However, it was dictated to another re-presenter.  Hence, a step in
between the 'word' of God and the actual content of what God is
attempting to impart (as far as I understood it, wasn't the Quraan
spoken to Mohammad or something like that?  Sorry, my
Middle-Eastern/Arabic knowledge is limited).

This is what I was talking about in terms of the re-telling nature of
language/sign in general.

Tom

-----Original Message-----
From: Scott Strong [mailto:[EMAIL PROTECTED]] 
Sent: Sunday, March 24, 2002 8:12 PM
To: Thomas P. Warren
Subject: RE: [etree] artistic experience(s)

This is not true of the Quraan. The Qurann remains in close to the same
form
as it did at the time of its inception. It has never changed a language
an
any forms that exist in Arabic should say that this version is a
translation
of the original.

-Scott

-----Original Message-----
From: [EMAIL PROTECTED] [mailto:[EMAIL PROTECTED]]On Behalf Of
Thomas P. Warren
Sent: Sunday, March 24, 2002 6:01 PM
To: 'JHSJ'
Cc: [EMAIL PROTECTED]
Subject: [etree] artistic experience(s)


"The Greeks said they understood it (art), but what do we have left of
their understanding?  Mimetic echoes of retranslated, second-hand,
subject material.  Same problem with the Bible, Quraan, etc..  And the
same goes for a lot of critics/artists/philosopher's 'original' work
right up until the 16th, 17th, and 18th C.'s.  This was  why I was so
interested in literary theory, per se, as when I graduated from
undergrad, those topics/areas of discourse were where the 'cutting
edge' of theory were going -the philosophy of language, dialects, idiom,
regionalisms, and even (god forbid) sentential (or even quantitative)
logic!
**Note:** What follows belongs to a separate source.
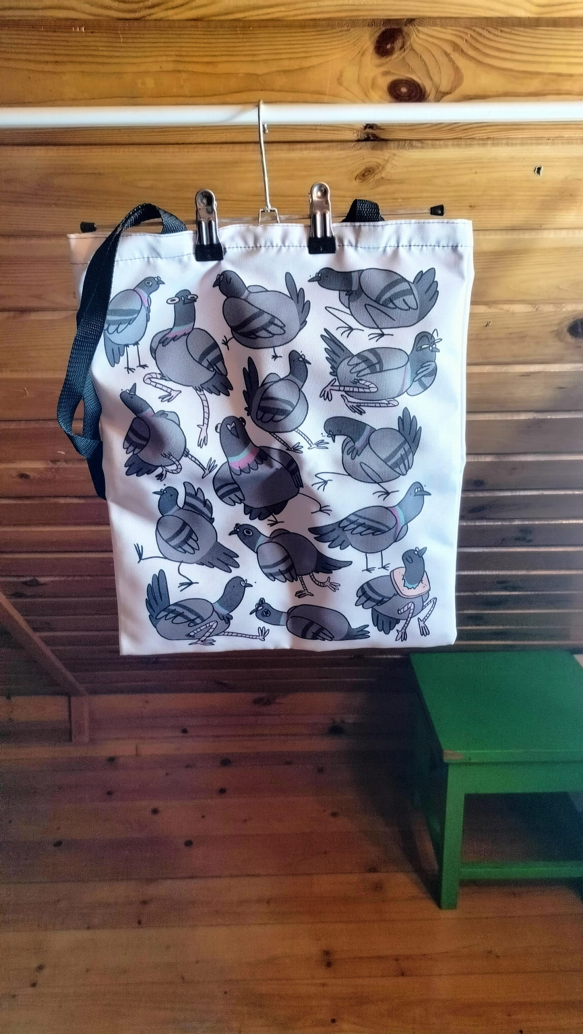 Torba fullprint - po obu stronach posiada nadruk ilustracji śmiesznych gołębi, projektu CiociKot.

There was a move going on to understand the essential elements of
communication on a theoretic level, in the hope that it would help shed
new light on the actual experience of the subject that included all (or
some or few) of these basic elements.

Now maybe therein lies the catch-22, i.e., that words fail."

'This is perhaps where we begin to part ways in our thinking on the
subject.  The art experience is something common to everyone on
etree--otherwise we wouldn't be going through the pains we do to collect
art that moves us.  I'm looking for descriptions of the experience that
motivates us to be collectors and concert-goers.'

Well, to answer directly your question, I would think that it is just
those exact 'quintessential' experiences that we (ourselves, as
subjective agents) label/describe (randomly -or deliberately?) as
ideally or paramountly 'artistic' that keep us comin' on back for more!
Problem is, exactly as you pointed out, that it can't be the same for
you as it is for me -and I think this can even be proven on a reduced
biologic level today.  Make no mistake, I'm not allowing my boat to fall
upon the shoals of solipsism, but there IS a question of connection at
the center of the human element.

By this I mean that do the neural patterns that coincide with MY
experience of this [agreed upon] substrate reality or series of events
impart/cause in us necessarily different routings of electrical current
-do these patterns co-exist identically in separate brains?  When we're
both standing looking at that sunset, are the exact same areas of my
brain being stimulated electronically as they are in yours?  Can they?
Seems like a large logical jump to me, but I've been wrong before.  Are
differences in electrical pattern routing at a biologic level really the
essence of experiences direcly connected to this [again, agreed upon]
substrate we call reality?  If they did, would they represent (or
re-present) the perceived experience identically to each separate brain
(and assumedly each different individual, person, human being)?  C'mon.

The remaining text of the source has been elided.